Ajuvan yang diubah dari vaksin penyakit mulut dan kuku meningkatkan respons imun dan perlindungan dari tantangan virus
Penyakit mulut dan kuku (PMK) adalah penyakit infeksi virus yang membentuk vesikel di mulut dan kuku artiodactyl, seperti babi, sapi, domba, dan kambing, yang mengakibatkan penurunan berat badan, penurunan produksi susu, dan keterlambatan pertumbuhan. Penyakit ini dapat menyebar dengan cepat tidak hanya melalui kotoran hewan yang terinfeksi, tetapi juga melalui pakan, kendaraan, dan manusia yang terkontaminasi. Dengan demikian, kerusakan ekonomi cukup besar setelah wabah terjadi. Oleh karena itu, PMK tunduk pada peraturan internasional untuk perdagangan global ternak dan produknya. Pemberian vaksin adalah metode yang sangat efektif untuk mencegah PMK. Pemilihan ajuvan yang tepat adalah faktor terpenting dalam menentukan kemanjuran vaksin ini.
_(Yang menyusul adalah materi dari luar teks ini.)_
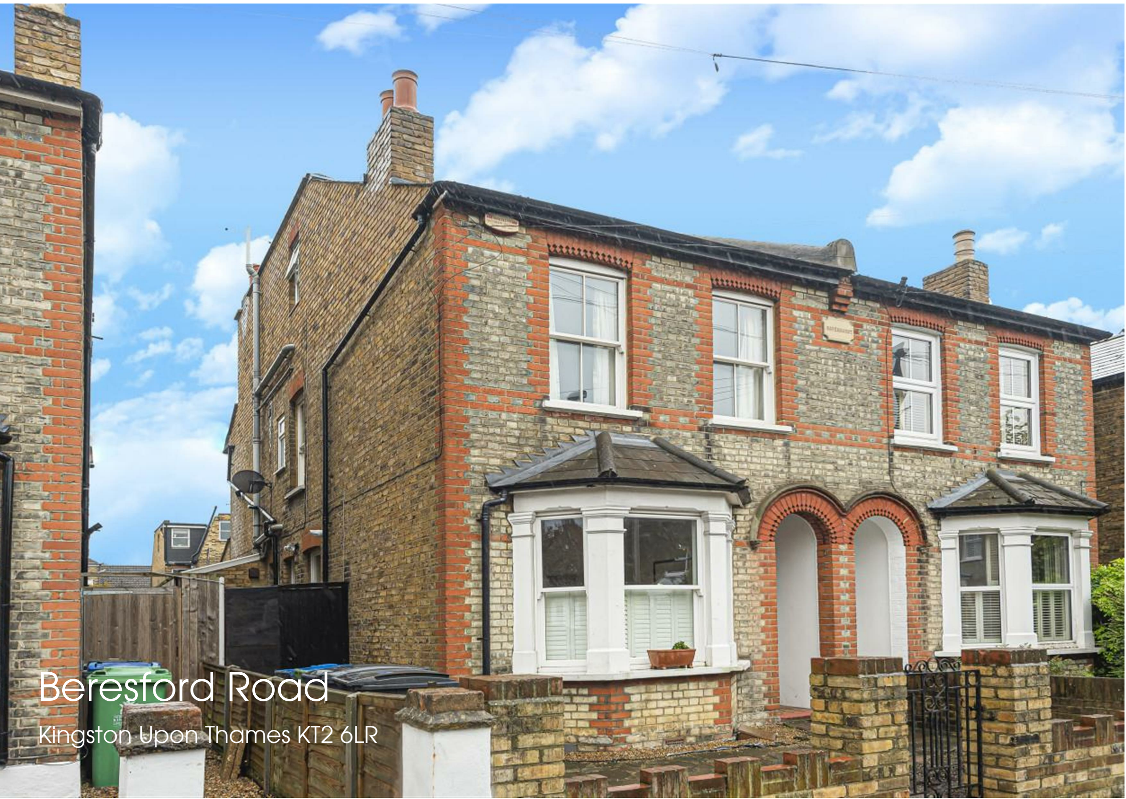
Beresford Road Kingston upon Thames KT2 6LR

34 Richmond Road Kingston upon Thames Surrey KT2 5ED www.gibsonlane.co.uk Tel: 020 8546 5444
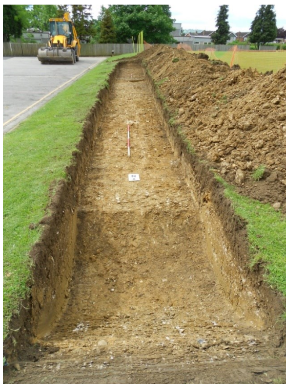
Figure 3: Trench viewed south; 2m scales

The single evaluation trench, aligned broadly north-south, measured 20m long, 1.60m wide and between 0.45m and 0.75m deep. Mechanical removal of 0.15m-0.20m of
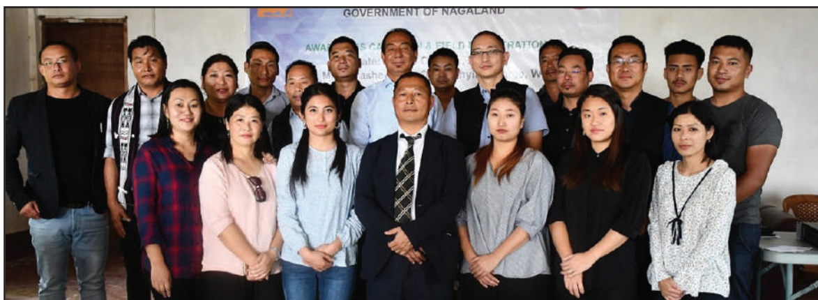
Nagaland Building & Other Construction Workers' Welfare Board organized awareness campaign and field registration at Old Riphim village, Wokha from 13 th - 15 th October 2022.

Nagaland Building & Other Construction Workers' Welfare Board (NBOCWVB) organized a three-day awareness campaign and field registration at Old Riphim Village, Wokha from 13 th - 15 th October 2022 at Mt. Morashen Hall. The programme was organized by Old Riphim Village Gazetted Officers Forum (ORGOF).
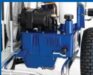
High-Capacity Cooling System

MAX TIP SIZE: 0.029 MAX GPM (LPM): 1.3 (4.9) MAX PSI (BAR): 3300 (227) HONDA GX ENGINE CC (HP): 120 (4.0) WEIGHT LBS (KG): 242 (110)
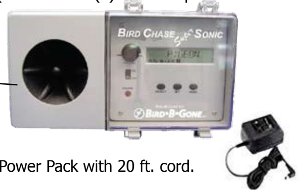
Internal Speaker Pod
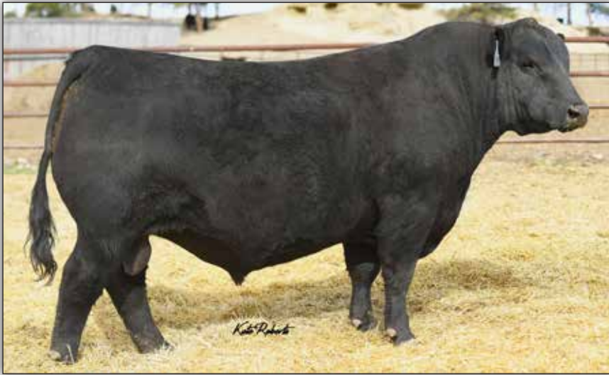
Pine Coulee Drifter G372
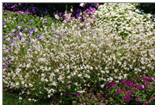
Stratosphere White Gaura in bloom
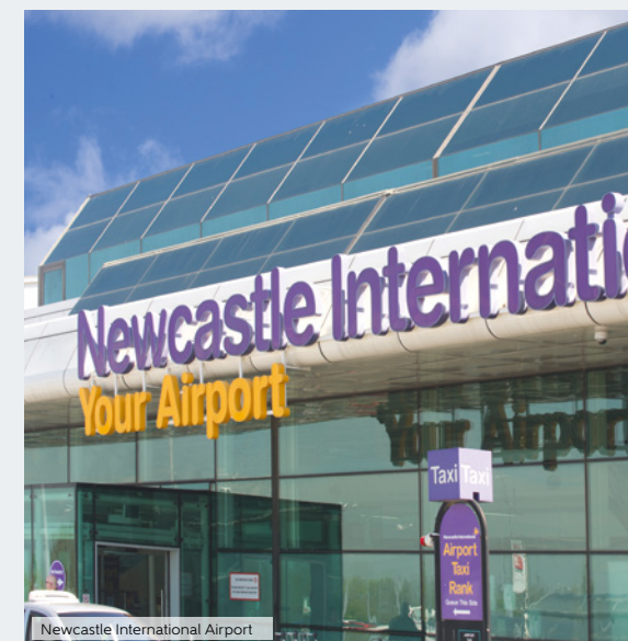
Newcastle International Airport

Close proximity to the A1 and A19 make travel easy, putting Morpeth Station eight minutes away. From here you can connect with Cramlington, Newcastle, Durham and Edinburgh. Alternatively, Newcastle International Airport can be reached in 16 minutes by car.

Untuk memastikan respons yang cepat dan tepat terhadap wabah PMK, kami sebelumnya menyelidiki respons imun dan efek perlindungan untuk mengembangkan vaksin, dengan tujuan mengidentifikasi vaksin dengan imunogenisitas dan perlindungan terbaik terhadap virus O/Andong/SKR/2010, yang diisolasi selama wabah PMK di Korea pada tahun 2010 dan 2011. Dalam penelitian lain, percobaan menggunakan ISA 201, ISA 206, Karbigen, Emulsigen-D (ED), dan aluminium hidroksida (Al(OH)3; AL), gel untuk memilih bahan pembantu untuk babi dan babi. kambing perah. ED dengan gel AL menghasilkan kekebalan dan efek perlindungan yang lebih kuat dibandingkan dengan ED saja. Jadi, masih harus ditentukan apakah adjuvant berbasis minyak ISA 201 dan ISA 206 yang dicampur dengan gel menghasilkan respon imun yang lebih baik.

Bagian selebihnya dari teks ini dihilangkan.